In their book Ngugi wa Thiong'o: An Exploration of His Writings, David Cook and Michael Okenimkpe praised the "almost perfectly controlled form and texture" of A Grain of Wheat. Killam commented: "A Grain of Wheat is the work of a writer more mature than when he wrote his first two books… In A Grain of Wheat [Ngugi] takes us into the minds of his characters, sensibilities resonant with ambiguities and contradictions, and causes us to feel what they feel, to share in significant measure their hopes an fears and pain." Shatto Arthur Gakwandi similarly observed in The Novel and Contemporary Experience in Africa: "The general tone of A Grain of Wheat is one of bitterness and anger. The painful memories of Mau Mau violence still overhang the Kikuyu villages as the attainment of independence fails to bring the cherished social dreams." Gakwandi added: "While the novel speaks against the harshness of colonial oppression, it is equally bitter against the new leaders of Kenya who are neglecting the interests of the peasant masses who were the people who made the greatest sacrifices during the war of liberation. Ngugi speaks on behalf of those who, in his view, have been neglected by the new government."
Petals of Blood, Ngugi's fourth novel, is considered his most ambitious and representative work. Like A Grain of Wheat, Petals of Blood describes the disillusionment of the common people in post-independence Kenya. Killam noted, however, that in Petals of Blood Ngugi "widens and deepens his treatment of themes which he has narrated and dramatized before—themes related to education, both formal and informal; religion, both Christian and customary; the alienation of the land viewed from the historical point of view and as a process which continues in the present; the struggle for independence and the price paid to achieve it." Petalsof Blood is also described as Ngugi's most overtly political novel.
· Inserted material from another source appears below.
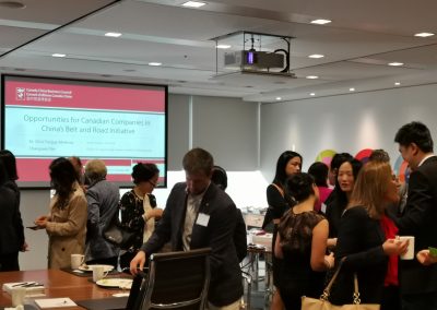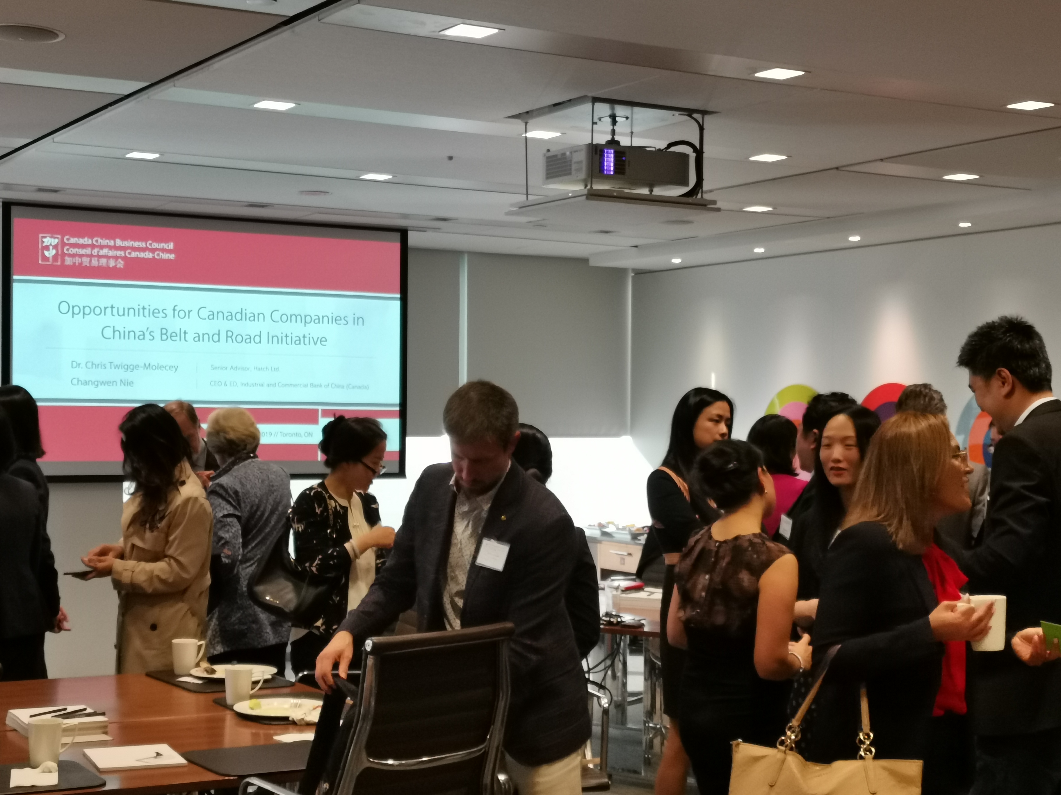 CCBC held an information session on China’s Belt and Road Initiative (BRI) on September 19, 2019 in Toronto. Chris Twigge-Molecey shared his perspectives on the possible opportunities available for Canadian businesses in China’s BRI and how business people can move forward. Following his overview, Ms. Changwen Nie, the CEO & ED of Industrial and Commercial Bank of China (ICBC, Canada), discussed ICBC Group’s experiences in financing BRI projects for foreign companies and areas that ICBC can assist Canadian businesses. After the presentations, attendees were invited to participate in a Q&A.

A West Africa contributor noted an ideological shift in the novel "from the earlier emphasis on nationalism and race questions to a class analysis of society." Critics cited in particular the influence of both Karl Marx and Frantz Fanon, the latter of whom, according to Killam, "places the thinking of Marx in the African context." In World Literature Written in English Govind Narian Sharma commented: "Whereas traditional religious and moral thought has attributed exploitation and injustice in the world to human wickedness and folly, Ngugi, analyzing the situation in Marxist terms, explains these as ‘the effect of laws of social development which make it inevitable that at a certain stage of history one class, pursuing its interests with varying degrees of rationality, should dispossess and exploit another.’"
Petals of Blood concerns four principal characters, all being held on suspicion of murder: Karega, a teacher and labor organizer; Munira, headmaster of a public school in the town of Ilmorog; Abdulla, a half-Indian shopkeeper who was once a guerrilla fighter during the war for independence; and Wanja, a barmaid and former prostitute. "Through these four [characters]," wrote Civia Tamarkin in the Chicago Tribune Book World, "Ngugi tells a haunting tale of lost hopes and soured dreams, raising the simple voice of humanity against the perversity of its condition." American Book Review contributor Henry Indangasi described Petals of Blood this way: "Through numerous flashbacks, and flashbacks within flashbacks, and lengthy confessions, a psychologically credible picture of the characters, and a vast canvas of Kenya's history is unfolded."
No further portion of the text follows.